PROMPT. The line containing "Иван Иванович обещал" marks the end: extract everything from the first line of the data through that line, exactly, with no pictures.

COLLECTED DATA.
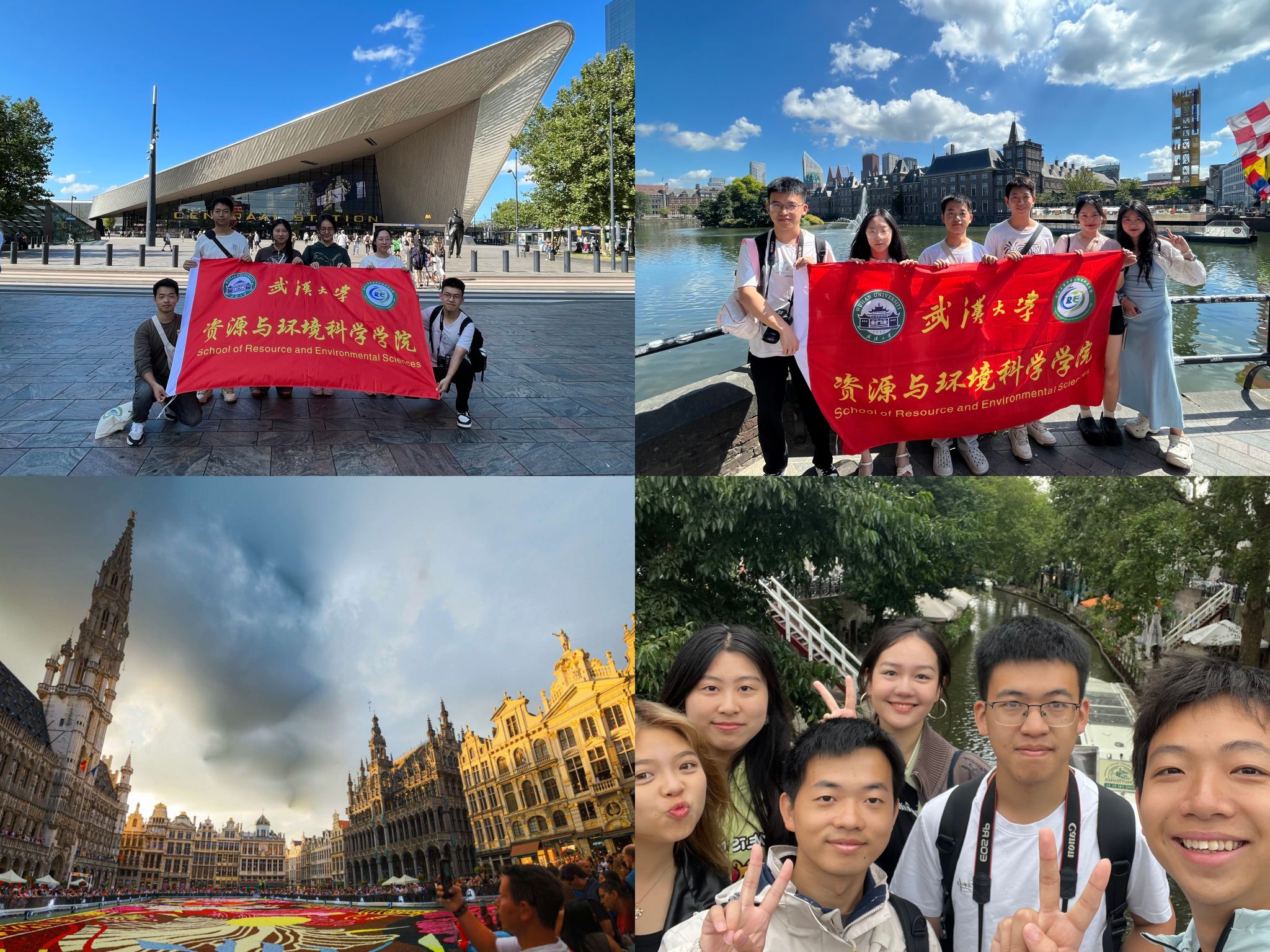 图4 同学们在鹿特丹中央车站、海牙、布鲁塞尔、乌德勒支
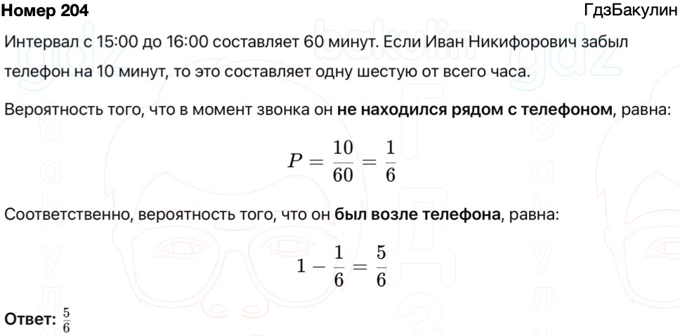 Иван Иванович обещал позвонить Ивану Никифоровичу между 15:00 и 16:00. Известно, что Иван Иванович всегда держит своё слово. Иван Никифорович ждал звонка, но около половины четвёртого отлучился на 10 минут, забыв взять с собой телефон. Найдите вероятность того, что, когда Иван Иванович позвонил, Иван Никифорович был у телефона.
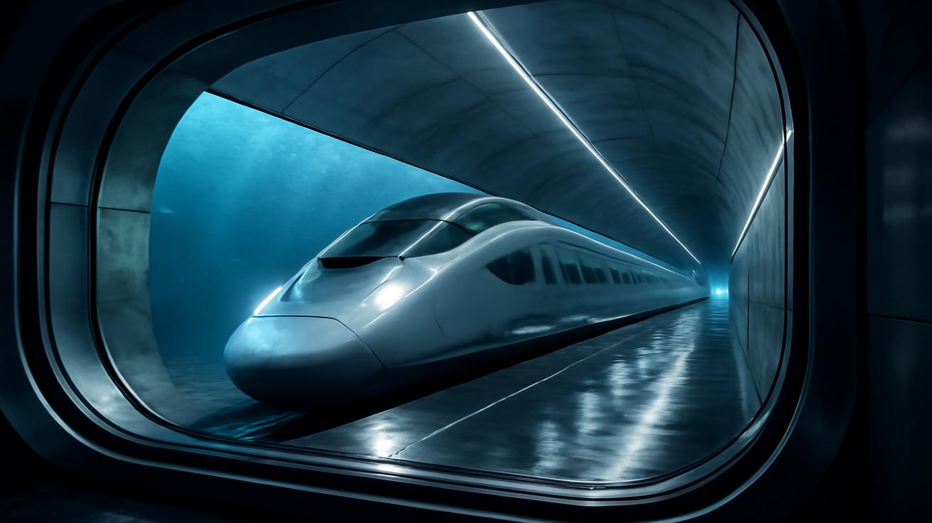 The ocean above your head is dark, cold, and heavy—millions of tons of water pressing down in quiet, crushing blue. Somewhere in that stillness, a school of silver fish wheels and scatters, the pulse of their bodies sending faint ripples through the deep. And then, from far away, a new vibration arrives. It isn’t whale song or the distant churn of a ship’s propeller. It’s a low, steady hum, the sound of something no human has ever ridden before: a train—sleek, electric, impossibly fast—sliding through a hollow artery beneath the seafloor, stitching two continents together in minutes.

RESULT FOR THIS TASK.
 图4 同学们在鹿特丹中央车站、海牙、布鲁塞尔、乌德勒支
 Иван Иванович обещал позвонить Ивану Никифоровичу между 15:00 и 16:00. Известно, что Иван Иванович всегда держит своё слово. Иван Никифорович ждал звонка, но около половины четвёртого отлучился на 10 минут, забыв взять с собой телефон. Найдите вероятность того, что, когда Иван Иванович позвонил, Иван Никифорович был у телефона.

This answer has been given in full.